▶ [Given information]
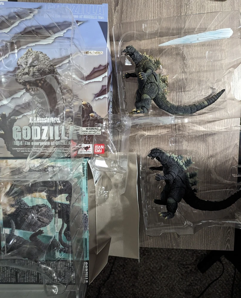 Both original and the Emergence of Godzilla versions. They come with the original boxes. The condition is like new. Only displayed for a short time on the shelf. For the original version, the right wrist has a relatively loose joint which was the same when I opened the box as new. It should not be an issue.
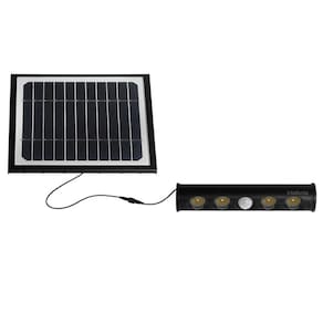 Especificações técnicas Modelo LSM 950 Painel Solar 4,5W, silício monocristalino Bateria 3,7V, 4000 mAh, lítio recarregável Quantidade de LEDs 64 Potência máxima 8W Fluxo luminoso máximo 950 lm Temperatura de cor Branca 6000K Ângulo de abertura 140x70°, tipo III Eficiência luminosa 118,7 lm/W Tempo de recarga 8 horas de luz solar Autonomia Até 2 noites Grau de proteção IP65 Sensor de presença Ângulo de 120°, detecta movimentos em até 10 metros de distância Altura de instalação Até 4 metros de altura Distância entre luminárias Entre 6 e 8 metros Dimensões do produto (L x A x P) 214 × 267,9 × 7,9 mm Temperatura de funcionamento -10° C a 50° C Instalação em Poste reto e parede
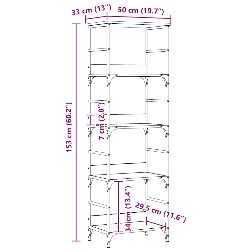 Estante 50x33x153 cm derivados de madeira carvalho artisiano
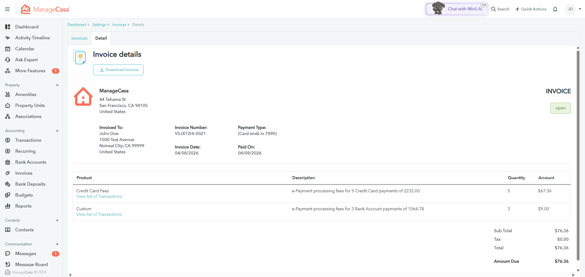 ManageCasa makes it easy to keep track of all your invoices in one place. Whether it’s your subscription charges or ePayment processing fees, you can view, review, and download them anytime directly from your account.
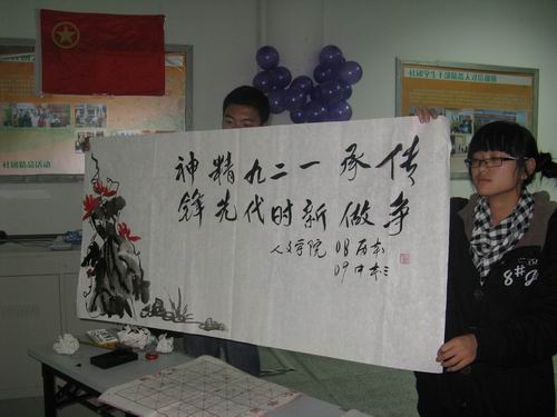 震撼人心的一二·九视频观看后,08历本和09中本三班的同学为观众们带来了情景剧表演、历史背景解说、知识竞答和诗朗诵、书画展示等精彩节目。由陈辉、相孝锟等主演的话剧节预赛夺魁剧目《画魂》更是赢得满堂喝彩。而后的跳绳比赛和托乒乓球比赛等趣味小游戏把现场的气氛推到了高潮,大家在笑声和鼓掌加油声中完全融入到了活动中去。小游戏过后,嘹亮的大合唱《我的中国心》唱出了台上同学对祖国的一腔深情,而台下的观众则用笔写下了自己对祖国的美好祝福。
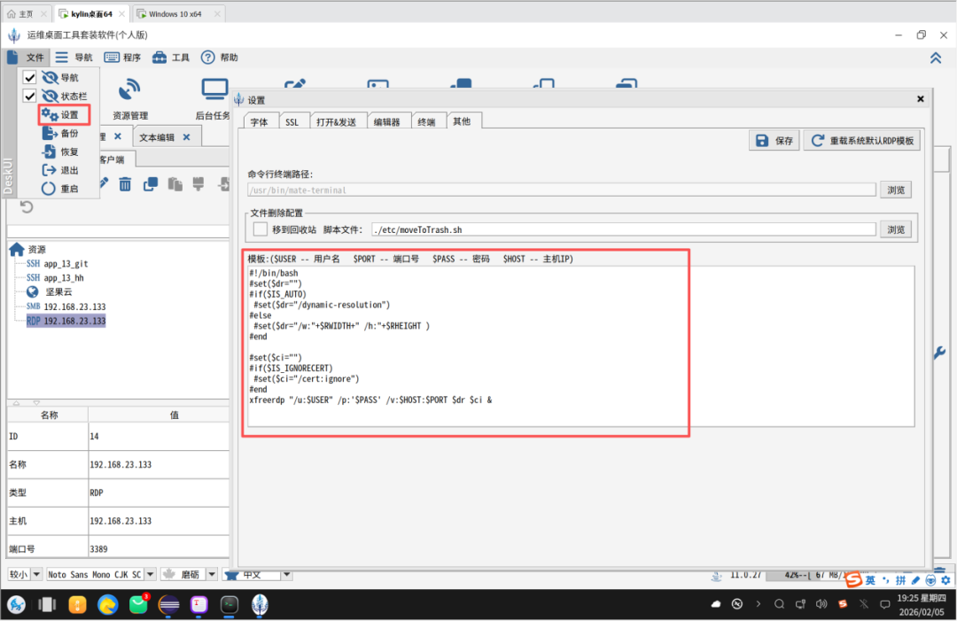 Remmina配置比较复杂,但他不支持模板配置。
---
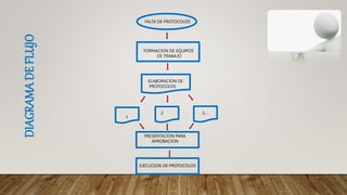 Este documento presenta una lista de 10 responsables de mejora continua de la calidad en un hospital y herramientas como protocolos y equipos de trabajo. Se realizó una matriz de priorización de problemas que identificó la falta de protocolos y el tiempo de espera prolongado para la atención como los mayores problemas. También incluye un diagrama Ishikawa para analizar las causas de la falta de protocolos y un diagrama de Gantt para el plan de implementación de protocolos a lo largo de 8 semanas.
...
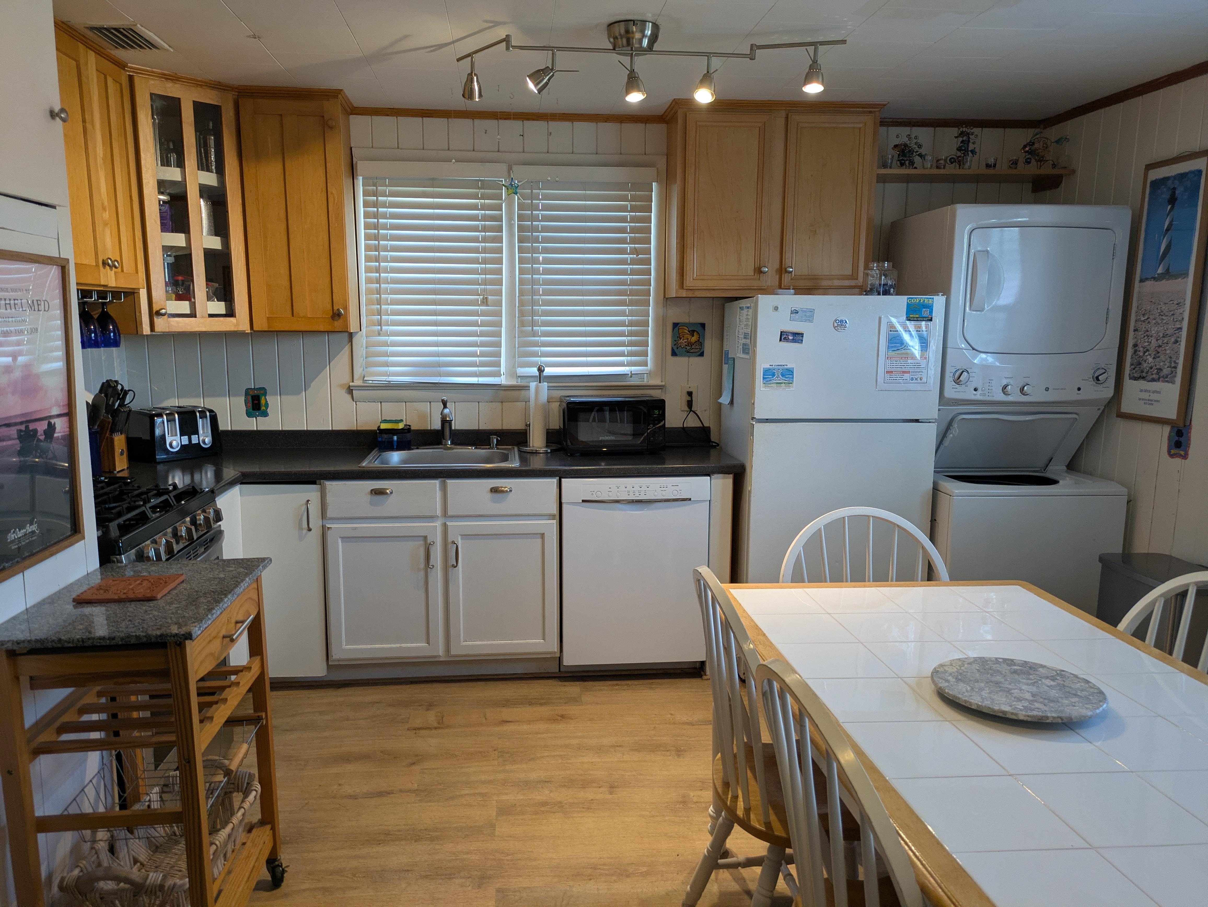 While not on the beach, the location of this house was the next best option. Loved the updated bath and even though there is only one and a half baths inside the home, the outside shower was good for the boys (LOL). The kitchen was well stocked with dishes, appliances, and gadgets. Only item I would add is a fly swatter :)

▶ [Problem description]
Between and including the line with "震撼人心的一二·九视频观看后" and the line with "Remmina配置比较复杂,但他不支持模板配置。", repeat every line exactly as it appears above, with pictures left out.

▶ [Response for this exercise]
 震撼人心的一二·九视频观看后,08历本和09中本三班的同学为观众们带来了情景剧表演、历史背景解说、知识竞答和诗朗诵、书画展示等精彩节目。由陈辉、相孝锟等主演的话剧节预赛夺魁剧目《画魂》更是赢得满堂喝彩。而后的跳绳比赛和托乒乓球比赛等趣味小游戏把现场的气氛推到了高潮,大家在笑声和鼓掌加油声中完全融入到了活动中去。小游戏过后,嘹亮的大合唱《我的中国心》唱出了台上同学对祖国的一腔深情,而台下的观众则用笔写下了自己对祖国的美好祝福。
 Remmina配置比较复杂,但他不支持模板配置。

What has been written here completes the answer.